A verbatim restatement of the data, free of pictures, is what you should output.

INFORMATION SUPPLIED section start

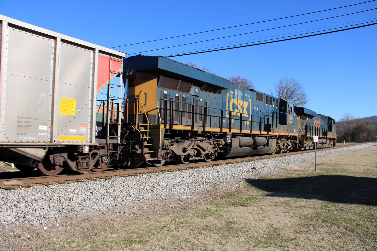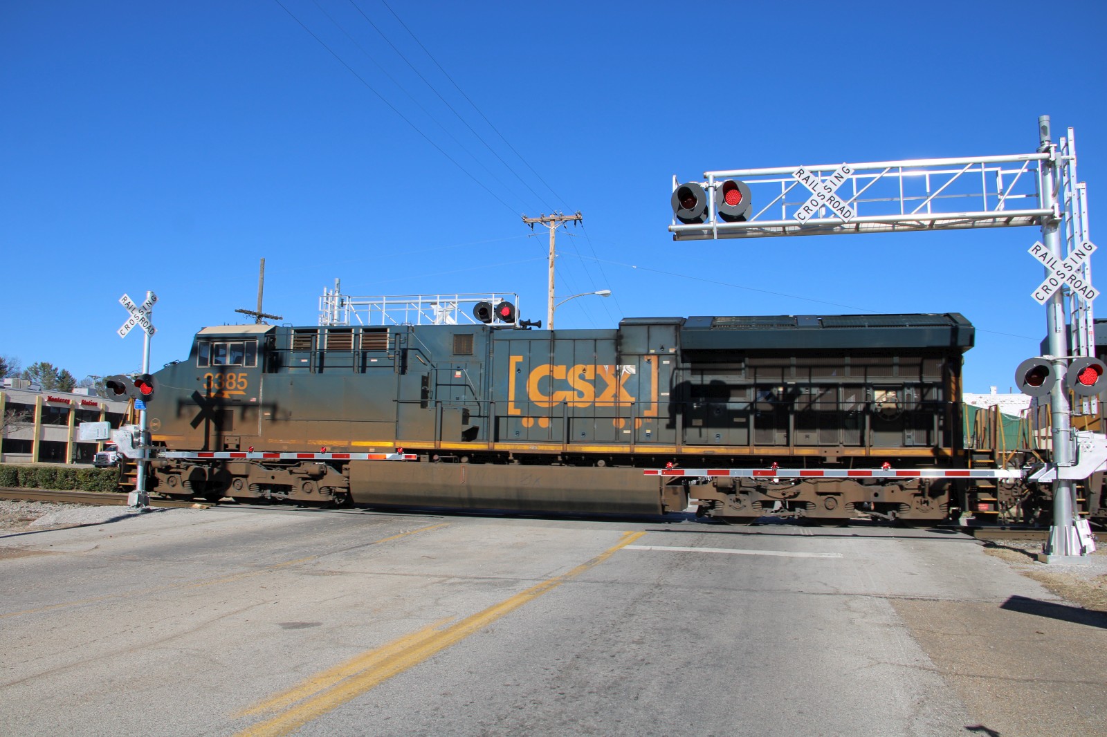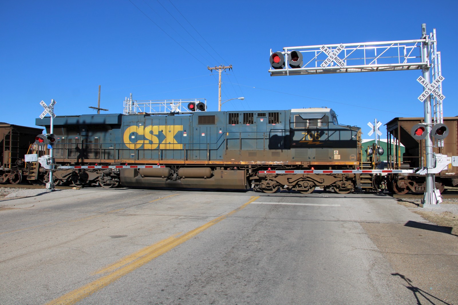 CSX 3229 leads CSX C306 through the crossing! |
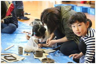 PTA主催の親子陶芸教室が行われました。最初に講師の先生に説明を受けて親子で一緒に,または親子でそれぞれにカップなどを作りました。制作が始まると親子ともに次第に真剣になり,よい雰囲気の中での時間を共有できました。この後,窯で焼いていただき1か月ほどで手元に届けていただけるとのことでした。
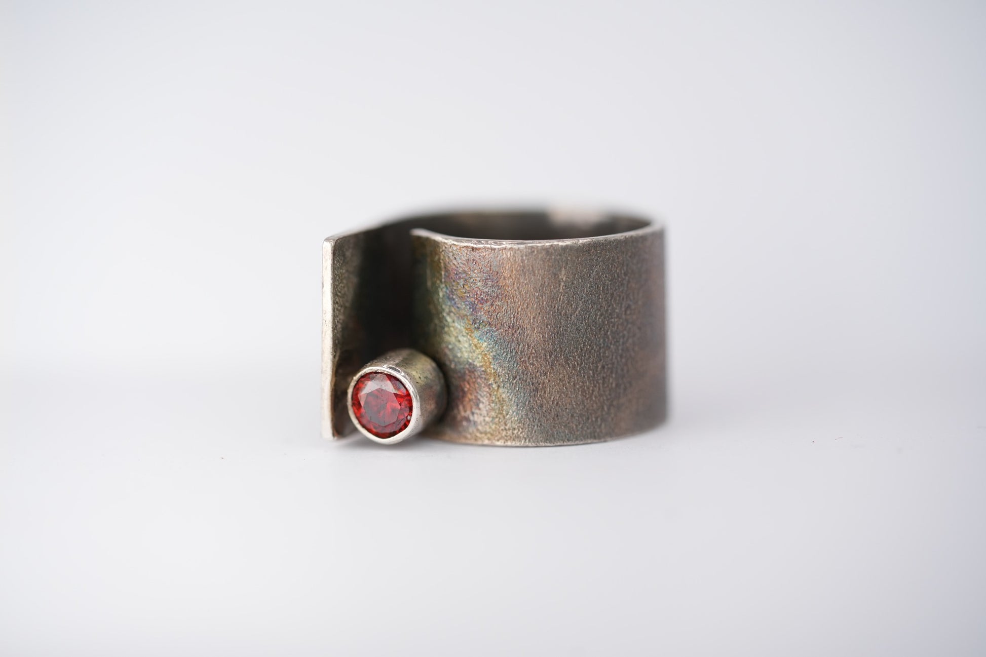 Garnet, with its deep crimson hue and historical significance as a symbol of passion and protection, pairs beautifully with sterling silver in this refined ring. The gemstone's rich colour creates striking contrast against the metal's lustrous finish, while its durability makes it suitable for everyday wear. This piece combines timelessness with the grounding energy garnet is traditionally believed to provide, making it an excellent choice for those seeking both aesthetic appeal and meaningful jewellery.
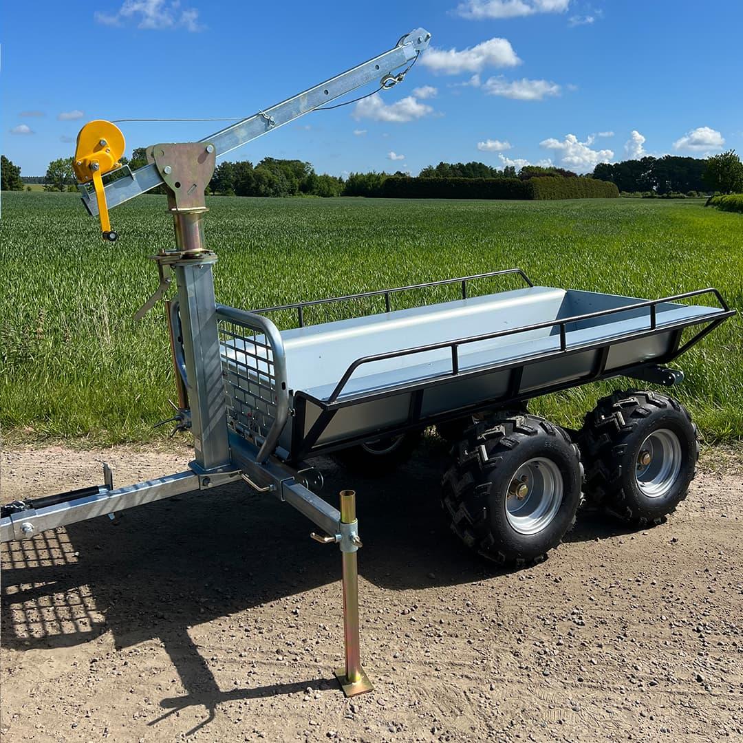 En perfekt tipp- og skogsvogn til ATV, som kan brukes til alle arbeidsoppgaver på gårdenn• Avtakbart innleggsplan med 2 mm galvanisert metallplatenn• Kraftig V-boggi for god klatreevne i skogsterrengnn• Kraftig mekanisk svinghuslåsing Tower2+nn• 4 stk. forsterkede og tannede opp- og nedfellbare støtternn• 2 stk. justerbare sidestøtteben for lasting inkludertnn• Krantårnfestet kan justeresnn• Håndvinsj med lås inkludertnn nn«Som skogbruker vil og kan man ikke alltid trekke frem den store tømmerhengeren og traktoren hvis man vil komme til på trange steder og/eller når man bare trenger å kjøre ut noen stokker. Da er denne vognen til firehjulingen et kjempegodt alternativ som man har stor nytte av i skogen. Og det er utrolig gøy å kjøre med den!»n– Oscar Svantesson, jord- og skogbrukernn nnAvtakbart innleggsplannVognen har et avtakbart innleggsplan med 2 mm galvanisert metallplate. Med lasteplanet montert kan du kjøre løse masser, og uten lasteplan kan du transportere tømmer. Frem- og baklemmen er avtakbare. Kraftig V-boggi, flyttbare stolper og grind for tilpasning til ulike virkelengder. Festeøye foran på planet for tipp med vinsj og høy tippvinkel. nnNår du skal omstille tippvognen fra kjøring av løse masser til skogsvogn for kjøring av tømmer uten lasteplanet, løsner du to splinter og fjerner lasteplanet. 4 stk. forsterkede og tannede opp- og nedfellbare støtter slik at du kan minimere løftehøyden når du laster tømmer. Stabil grind for å hindre at lasten forskyver seg.nnGrovmønstrede dekk for godt grep og bæreevne i skogen. Dekkene har en dimensjon på 22×11 -10, og det er lett å pumpe inn luft via dekkventilene.nnKraftig mekanisk svinghuslåsing med sju posisjoner for å kunne vinsje tunge lass i ulike retninger. Tårnet Tower2+ kan også dreies 360°.nn2 stk. justerbare sidestøtteben ved lasting inkludert, samt 1 stk. støttefot til draget, justerbar med sveiv. Dette gjør at vognen står stabilt ved tilkobling og frakobling av trekkjøretøy, og ved lasting og lossing. Støttebena på de fremre gavlene på vognen kan heves, senkes og trekkes ut i sideretning.nnLengden på bommen kan justeres fra 160–220 cmnnHele vognen er laget av galvanisert metall, noe som gjør den betydelig mer slitesterk og gir den lengre levetid. Leveres med gul håndvinsj med lås. Dreibar kulehanske for 50 mm kulekoblingnnVognen leveres umontert.nn

INFORMATION SUPPLIED section end

- [TASK OUTPUT]
 CSX 3229 leads CSX C306 through the crossing! |
 PTA主催の親子陶芸教室が行われました。最初に講師の先生に説明を受けて親子で一緒に,または親子でそれぞれにカップなどを作りました。制作が始まると親子ともに次第に真剣になり,よい雰囲気の中での時間を共有できました。この後,窯で焼いていただき1か月ほどで手元に届けていただけるとのことでした。
 Garnet, with its deep crimson hue and historical significance as a symbol of passion and protection, pairs beautifully with sterling silver in this refined ring. The gemstone's rich colour creates striking contrast against the metal's lustrous finish, while its durability makes it suitable for everyday wear. This piece combines timelessness with the grounding energy garnet is traditionally believed to provide, making it an excellent choice for those seeking both aesthetic appeal and meaningful jewellery.
 En perfekt tipp- og skogsvogn til ATV, som kan brukes til alle arbeidsoppgaver på gårdenn• Avtakbart innleggsplan med 2 mm galvanisert metallplatenn• Kraftig V-boggi for god klatreevne i skogsterrengnn• Kraftig mekanisk svinghuslåsing Tower2+nn• 4 stk. forsterkede og tannede opp- og nedfellbare støtternn• 2 stk. justerbare sidestøtteben for lasting inkludertnn• Krantårnfestet kan justeresnn• Håndvinsj med lås inkludertnn nn«Som skogbruker vil og kan man ikke alltid trekke frem den store tømmerhengeren og traktoren hvis man vil komme til på trange steder og/eller når man bare trenger å kjøre ut noen stokker. Da er denne vognen til firehjulingen et kjempegodt alternativ som man har stor nytte av i skogen. Og det er utrolig gøy å kjøre med den!»n– Oscar Svantesson, jord- og skogbrukernn nnAvtakbart innleggsplannVognen har et avtakbart innleggsplan med 2 mm galvanisert metallplate. Med lasteplanet montert kan du kjøre løse masser, og uten lasteplan kan du transportere tømmer. Frem- og baklemmen er avtakbare. Kraftig V-boggi, flyttbare stolper og grind for tilpasning til ulike virkelengder. Festeøye foran på planet for tipp med vinsj og høy tippvinkel. nnNår du skal omstille tippvognen fra kjøring av løse masser til skogsvogn for kjøring av tømmer uten lasteplanet, løsner du to splinter og fjerner lasteplanet. 4 stk. forsterkede og tannede opp- og nedfellbare støtter slik at du kan minimere løftehøyden når du laster tømmer. Stabil grind for å hindre at lasten forskyver seg.nnGrovmønstrede dekk for godt grep og bæreevne i skogen. Dekkene har en dimensjon på 22×11 -10, og det er lett å pumpe inn luft via dekkventilene.nnKraftig mekanisk svinghuslåsing med sju posisjoner for å kunne vinsje tunge lass i ulike retninger. Tårnet Tower2+ kan også dreies 360°.nn2 stk. justerbare sidestøtteben ved lasting inkludert, samt 1 stk. støttefot til draget, justerbar med sveiv. Dette gjør at vognen står stabilt ved tilkobling og frakobling av trekkjøretøy, og ved lasting og lossing. Støttebena på de fremre gavlene på vognen kan heves, senkes og trekkes ut i sideretning.nnLengden på bommen kan justeres fra 160–220 cmnnHele vognen er laget av galvanisert metall, noe som gjør den betydelig mer slitesterk og gir den lengre levetid. Leveres med gul håndvinsj med lås. Dreibar kulehanske for 50 mm kulekoblingnnVognen leveres umontert.nn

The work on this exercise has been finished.